No easy task, struggling against charges of being a humorless drudge who gets their jollies wallowing in the misery of the past. And no easy task living up to the responsibility of taking your “Nie wieder!” (Never again!) promise seriously.




all photos from publicity for German Channel 1 ("Das Erste"),  Menschen bei Maischberger

1 comment:

  1. Dear Alan,

    Bill shared this posting and link with me.
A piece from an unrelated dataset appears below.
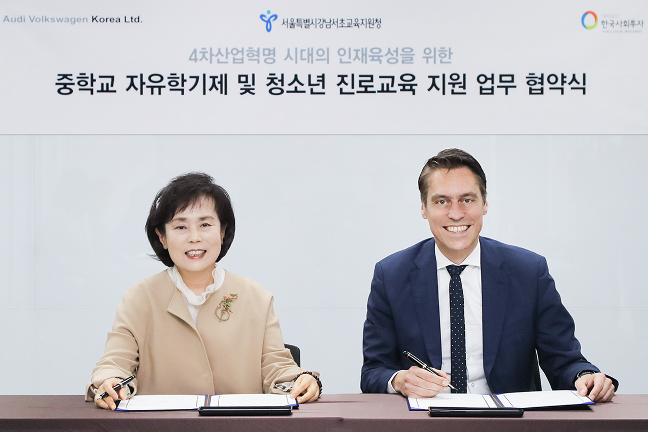 이날 협약식에는 르네 코네베아그 아우디폭스바겐코리아 그룹총괄사장과 이윤복 서울시강남서초교육지원청 교육장, 한국사회투자 관계자 등 회사 및 기관 관계자들이 참석했다.

I read it today, Easter 2015, and with gratitude for your effort is bringing these discussions and issues to us, to our attention and for our needed reflection.

    There is a theological principle not often valued, except among liberation theologians, in which time and space is transcended in the discussion of "sin and guilt:" It is the theme of "solidarity in sin;" it is a theological counterpoint to the "solidarity in suffering and injustice." Both themes argue for "complicity" on all sides for the atrocities of history and of the present--and argues for our efforts at remediation in our own present and hope for the future.

    Your reflections, Alan, in bringing the discussion to your posting here, take me to these theological thoughts and the recognition that we are often both part of the evil and the good of human history, and that this extends beyond our particular space and time location. Johann Baptist Metz is the one theologian whom I admire most in the German context for his articulation of these themes of "solidarity" and how we are all a part of what "happenED."

    Alan, Thank you for this posting!